[Opening EXERCISE MATERIALS section]

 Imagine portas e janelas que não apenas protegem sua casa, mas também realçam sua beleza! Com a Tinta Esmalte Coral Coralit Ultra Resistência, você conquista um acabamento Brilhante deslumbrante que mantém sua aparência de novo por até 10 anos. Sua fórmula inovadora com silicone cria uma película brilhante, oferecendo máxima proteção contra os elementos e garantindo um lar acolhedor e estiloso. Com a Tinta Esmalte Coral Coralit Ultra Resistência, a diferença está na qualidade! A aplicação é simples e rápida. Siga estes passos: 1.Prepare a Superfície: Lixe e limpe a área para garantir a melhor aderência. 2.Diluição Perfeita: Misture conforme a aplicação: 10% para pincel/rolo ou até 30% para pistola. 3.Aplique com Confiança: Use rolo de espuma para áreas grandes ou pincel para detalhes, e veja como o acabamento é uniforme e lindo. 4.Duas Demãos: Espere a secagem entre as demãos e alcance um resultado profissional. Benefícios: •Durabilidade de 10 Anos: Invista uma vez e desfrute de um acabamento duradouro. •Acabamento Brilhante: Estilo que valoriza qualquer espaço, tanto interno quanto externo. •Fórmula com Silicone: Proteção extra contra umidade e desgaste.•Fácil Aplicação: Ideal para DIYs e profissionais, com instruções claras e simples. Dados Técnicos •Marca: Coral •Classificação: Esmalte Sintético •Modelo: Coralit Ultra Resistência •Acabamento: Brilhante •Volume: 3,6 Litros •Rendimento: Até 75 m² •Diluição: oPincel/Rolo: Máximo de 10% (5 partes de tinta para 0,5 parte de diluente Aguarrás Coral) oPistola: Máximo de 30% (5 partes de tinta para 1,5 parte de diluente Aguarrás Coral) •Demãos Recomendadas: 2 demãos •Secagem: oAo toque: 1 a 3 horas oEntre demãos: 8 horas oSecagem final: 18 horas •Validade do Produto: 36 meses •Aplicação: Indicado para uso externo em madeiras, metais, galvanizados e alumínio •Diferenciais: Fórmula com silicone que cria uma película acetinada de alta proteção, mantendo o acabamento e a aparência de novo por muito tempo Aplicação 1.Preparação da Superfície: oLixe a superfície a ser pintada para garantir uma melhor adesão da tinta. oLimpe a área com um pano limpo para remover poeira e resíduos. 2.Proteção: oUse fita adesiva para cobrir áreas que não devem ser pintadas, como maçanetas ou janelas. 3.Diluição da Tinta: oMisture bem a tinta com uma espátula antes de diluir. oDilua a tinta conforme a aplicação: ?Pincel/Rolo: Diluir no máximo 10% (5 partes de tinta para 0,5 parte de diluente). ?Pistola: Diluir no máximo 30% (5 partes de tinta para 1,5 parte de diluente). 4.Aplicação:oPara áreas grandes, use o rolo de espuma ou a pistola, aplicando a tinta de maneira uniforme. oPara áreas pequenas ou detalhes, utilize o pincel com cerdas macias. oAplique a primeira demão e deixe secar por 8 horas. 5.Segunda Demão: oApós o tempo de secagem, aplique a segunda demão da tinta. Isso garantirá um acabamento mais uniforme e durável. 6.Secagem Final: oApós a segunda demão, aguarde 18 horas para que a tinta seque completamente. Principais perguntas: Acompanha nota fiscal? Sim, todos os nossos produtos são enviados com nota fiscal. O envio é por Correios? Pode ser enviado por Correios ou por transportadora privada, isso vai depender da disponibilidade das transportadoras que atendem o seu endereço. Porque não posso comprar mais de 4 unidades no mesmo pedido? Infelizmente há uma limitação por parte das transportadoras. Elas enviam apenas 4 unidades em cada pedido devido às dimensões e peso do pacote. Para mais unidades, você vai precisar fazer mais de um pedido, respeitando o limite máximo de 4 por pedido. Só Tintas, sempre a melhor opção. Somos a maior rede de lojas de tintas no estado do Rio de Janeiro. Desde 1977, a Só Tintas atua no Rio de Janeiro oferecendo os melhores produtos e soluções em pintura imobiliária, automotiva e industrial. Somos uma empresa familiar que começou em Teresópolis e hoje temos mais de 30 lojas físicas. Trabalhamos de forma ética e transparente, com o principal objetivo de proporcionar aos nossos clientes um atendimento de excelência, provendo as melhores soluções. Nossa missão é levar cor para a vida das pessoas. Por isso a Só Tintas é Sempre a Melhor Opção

[Closing EXERCISE MATERIALS section]
[Opening EXERCISE MATERIALS section]

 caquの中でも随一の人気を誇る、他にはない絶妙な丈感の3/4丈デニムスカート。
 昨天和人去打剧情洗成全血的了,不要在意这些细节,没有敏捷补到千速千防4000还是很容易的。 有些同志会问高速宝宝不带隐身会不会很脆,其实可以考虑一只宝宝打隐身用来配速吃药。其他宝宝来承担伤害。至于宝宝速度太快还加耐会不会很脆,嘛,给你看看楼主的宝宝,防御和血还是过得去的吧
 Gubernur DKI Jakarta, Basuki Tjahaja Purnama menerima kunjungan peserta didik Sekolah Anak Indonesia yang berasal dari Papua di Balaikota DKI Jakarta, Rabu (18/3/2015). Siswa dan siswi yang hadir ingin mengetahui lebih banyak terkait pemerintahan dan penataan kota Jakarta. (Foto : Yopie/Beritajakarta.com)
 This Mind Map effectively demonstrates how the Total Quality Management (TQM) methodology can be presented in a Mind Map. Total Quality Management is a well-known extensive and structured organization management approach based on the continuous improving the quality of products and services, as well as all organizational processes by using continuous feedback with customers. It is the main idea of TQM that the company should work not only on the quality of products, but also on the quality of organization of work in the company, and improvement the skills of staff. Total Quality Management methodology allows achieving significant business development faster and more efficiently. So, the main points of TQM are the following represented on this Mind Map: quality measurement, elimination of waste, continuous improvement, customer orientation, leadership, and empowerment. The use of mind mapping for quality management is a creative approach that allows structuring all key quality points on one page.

[Closing EXERCISE MATERIALS section]
[Opening EXERCISE MATERIALS section]

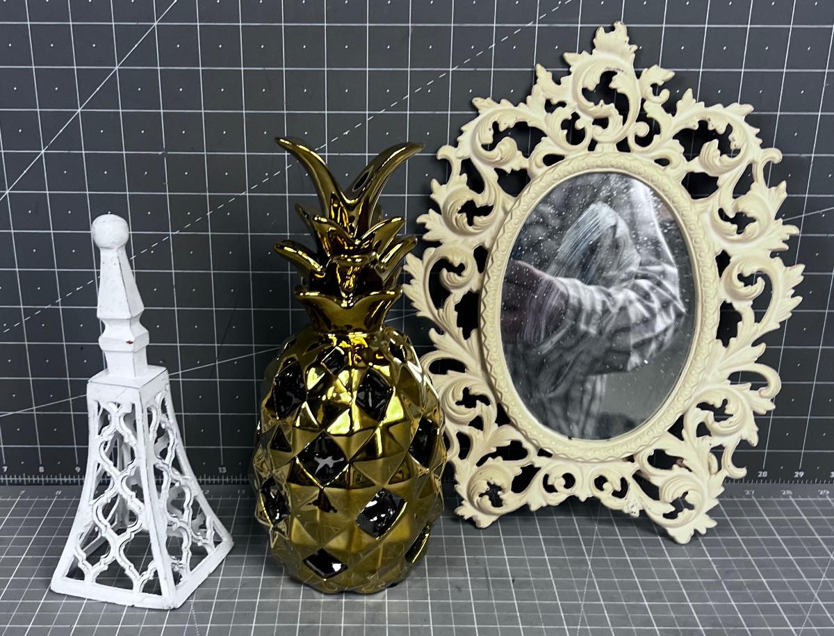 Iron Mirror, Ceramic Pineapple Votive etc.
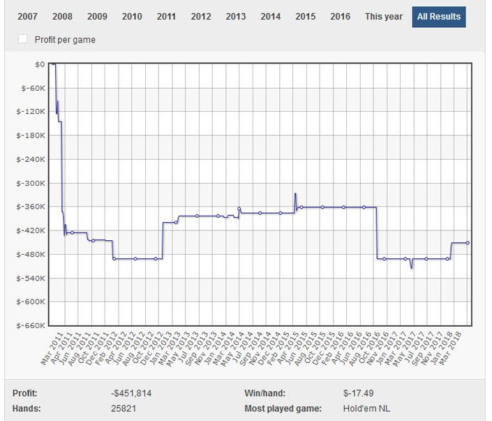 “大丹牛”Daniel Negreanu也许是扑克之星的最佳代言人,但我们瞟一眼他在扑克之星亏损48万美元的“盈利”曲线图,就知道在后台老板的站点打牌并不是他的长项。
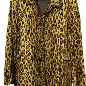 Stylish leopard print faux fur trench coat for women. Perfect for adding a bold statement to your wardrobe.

[Closing EXERCISE MATERIALS section]

▶ **WORK TO BE COMPLETED**
Print nothing but the lines above starting with the line that contains "Iron Mirror, Ceramic Pineapple Votive etc." and going on through the line that contains "Stylish leopard print". Leave out the pictures.

▶ **SOLUTION**
 Iron Mirror, Ceramic Pineapple Votive etc.
 “大丹牛”Daniel Negreanu也许是扑克之星的最佳代言人,但我们瞟一眼他在扑克之星亏损48万美元的“盈利”曲线图,就知道在后台老板的站点打牌并不是他的长项。
 Stylish leopard print faux fur trench coat for women. Perfect for adding a bold statement to your wardrobe.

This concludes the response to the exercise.